Time for Christie's to Reflect on Horten Jewels
September 14, 23There's nothing like a swift and decisive action. Sadly, Christie's decision to cancel the final sale of Heidi Horten's vast jewelry collection was neither swift nor decisive.
The auction house dithered for six months, despite an onslaught of criticism, and only decided to walk away after the most valuable lots were sold.
Horten's jewels were bought with a fortune that Helmut, her first husband and a Nazi party member, made under the Third Reich, forcing Jewish businessmen in Germany to sell their department stores at rock bottom prices.
It was part of the "Aryanization" laws, under which Jewish-owned property and assets could legally be seized.
This was a detail Christie's conveniently overlooked in its initial publicity for two auctions in Geneva, which went on to raise, between them, a record-breaking $202m.
"The glorious assemblage comprises over 700 jewels, a true embodiment of Mrs Horten's timeless elegance, glamour and taste for collecting," it said.
The collection of Bulgari, Cartier, Tiffany, Harry Winston, Van Cleef & Arpels and other showstoppers represented the most valuable jewelry collection ever to be auctioned.
But no mention of the dark side of Helmut Horten's fortune. He was, Christie's said, simply "a German entrepreneur and businessman".

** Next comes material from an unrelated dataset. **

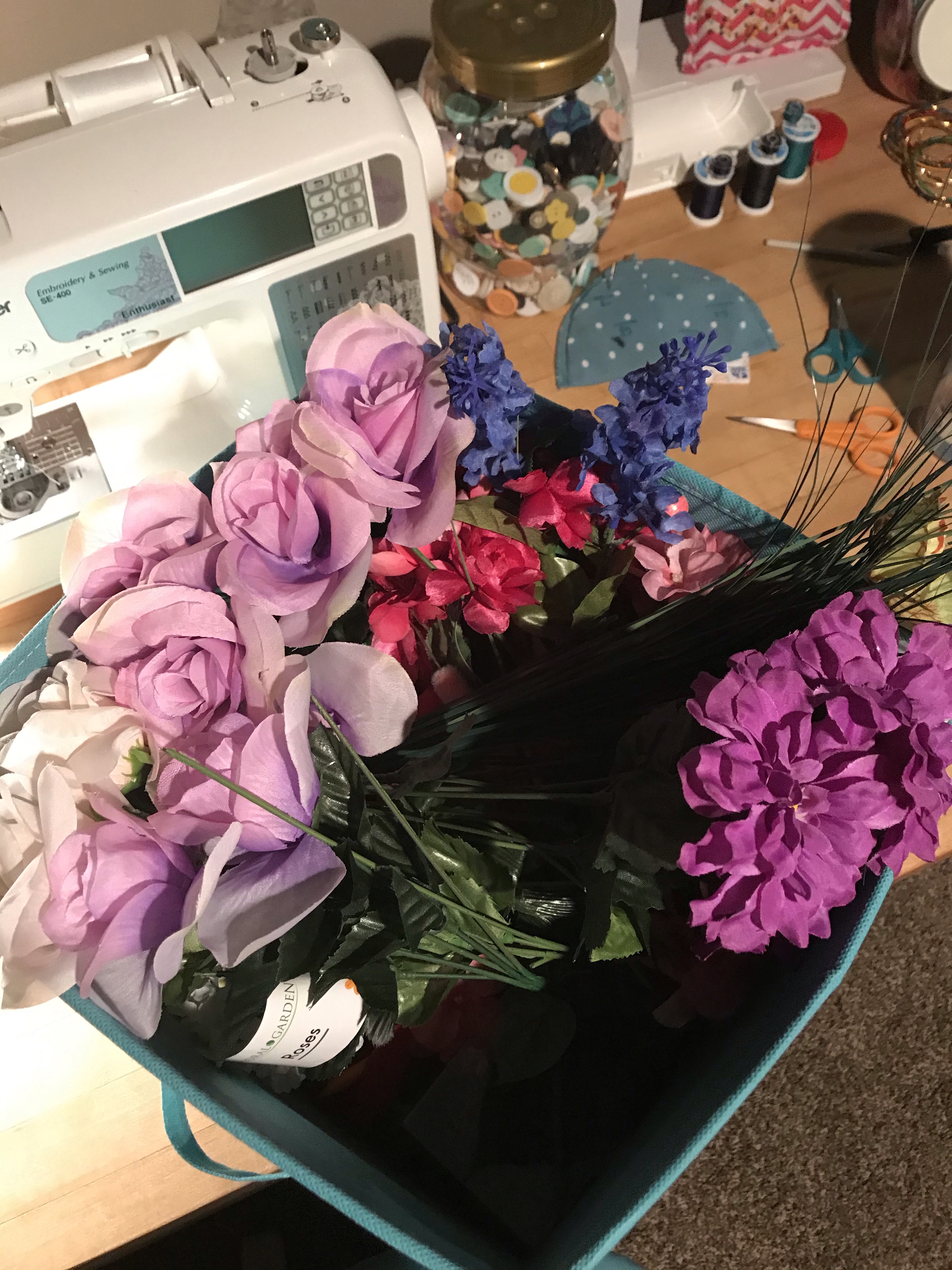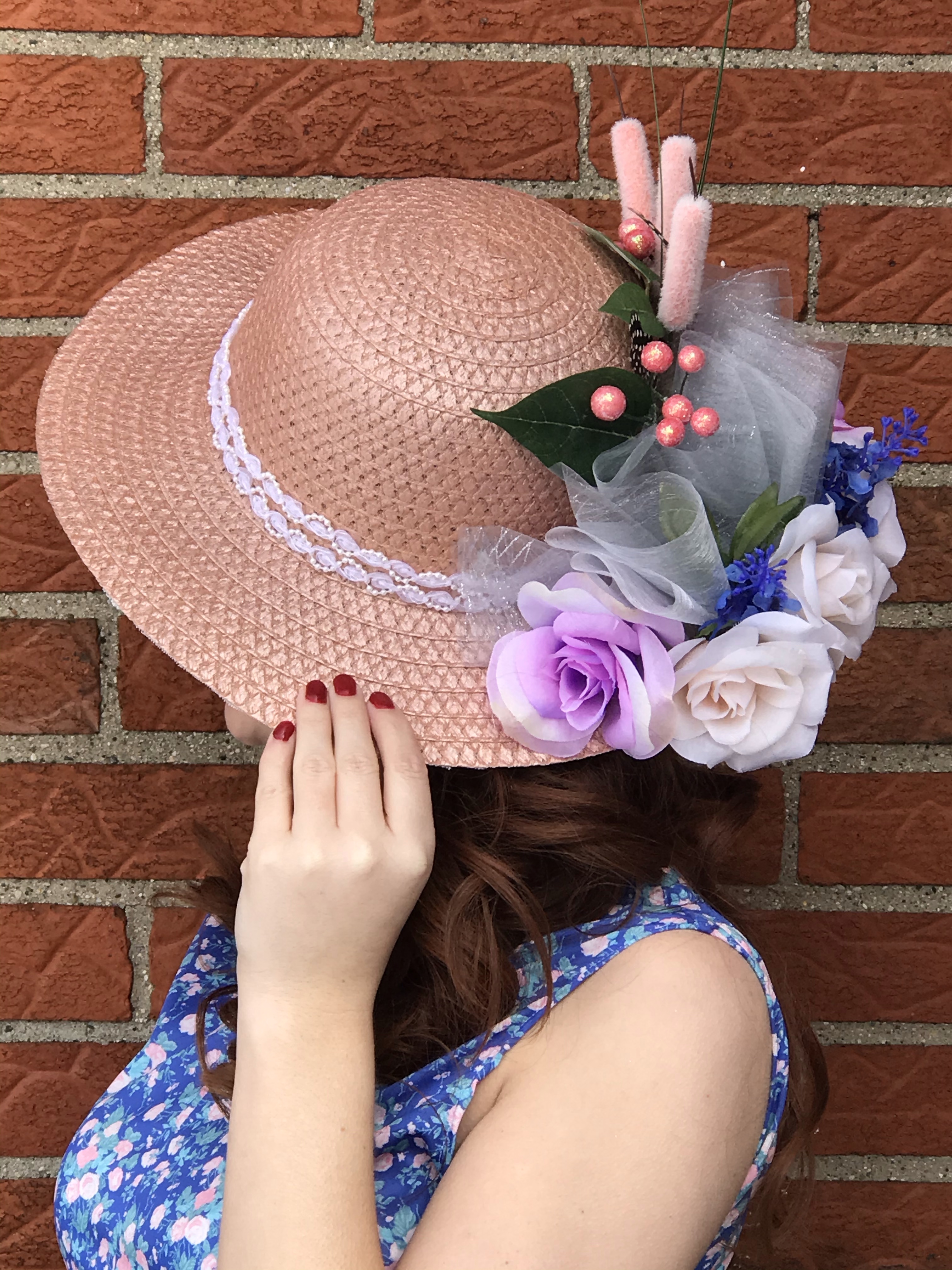 Over the years I have accumulated a basket FULL of faux flowers from Michaels, JoAnns, Hobby Lobby and even Dollar Tree! I took a look through my stash of faux flowers and found a few pieces that I think would tie my hat to my floral dress!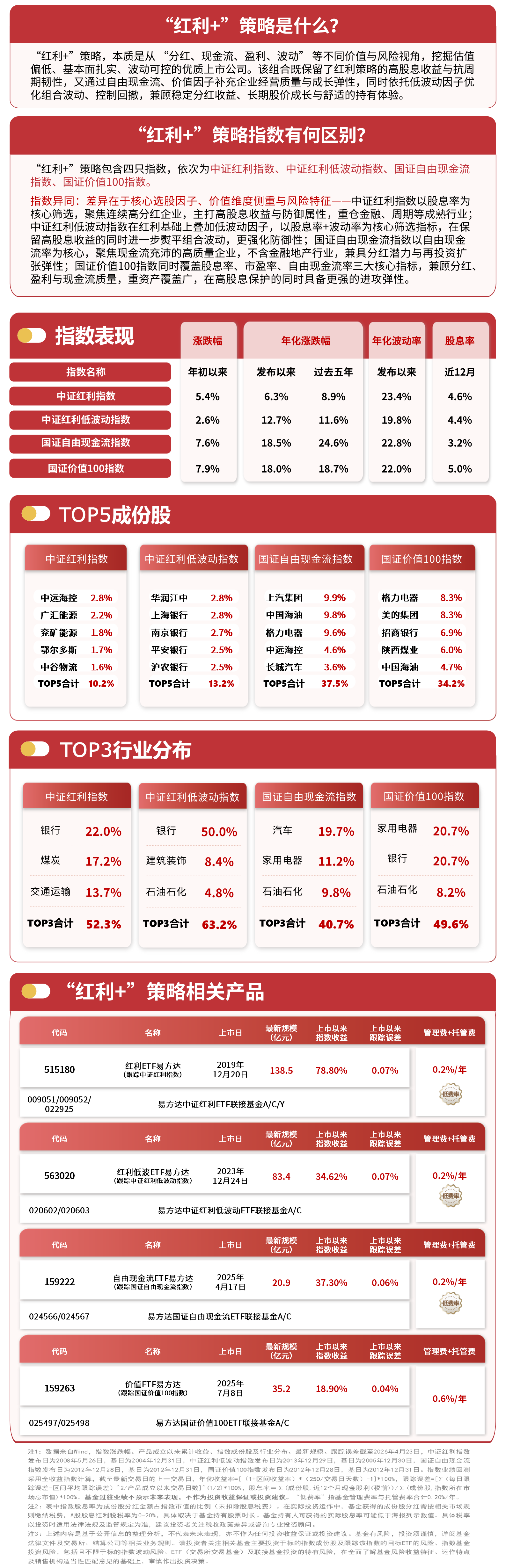 4月22日,市场低开高走,昨日表现强势的“红利+”策略指数今日低位震荡,截至收盘,国证自由现金流指数上涨0.02%,中证红利指数下跌0.01%,国证价值100指数下跌0.2%,中证红利低波动指数下跌

According to David de Jong, the author of Nazi Billionaires: The Dark History of Germany's Wealthiest Dynasties, Horten "laid the foundations of his wealth during the Third Reich by acquiring companies on the cheap at fire-sale prices from Jewish business owners under duress".
Heidi Horten left an estimated $3bn when she died in 2022. Shortly before her death she commissioned a historian to investigate the source of her first husband's wealth.
Like de Jong, they concluded that Helmut Horten had clearly benefited from the forced sale of Jewish businesses.
Christie's responded to an avalanche of criticism by inserting an additional paragraph into its sales notes, referencing the $1bn Horten left to his young wife (she was 19, he was 51 when they met).
"Mr. Horten, her first husband, passed away in 1987, leaving a significant inheritance to Mrs. Horten, the source of which is a matter of public record," it said.
"The business practices of Mr. Horten during the Nazi era, when he purchased Jewish businesses sold under duress, are well documented."
If Christie's thought that would suffice, they were mistaken. A pledge to donate a "significant" though unspecified portion of its commission to Holocaust research and education, did little to help the situation.
The World Federation of Diamond Bourses (WFDB) said the auction house should donate at least half the proceeds to Holocaust charities.
"In a time of Holocaust denial and the resurgence of anti-Semitism around the world, we find it especially appalling that a world-renowned auction house would engage in such a sale," it said.
The American Jewish Committee said: "It is not enough that this sale will benefit a charitable foundation or that Christie's will make an unspecified donation for Holocaust education.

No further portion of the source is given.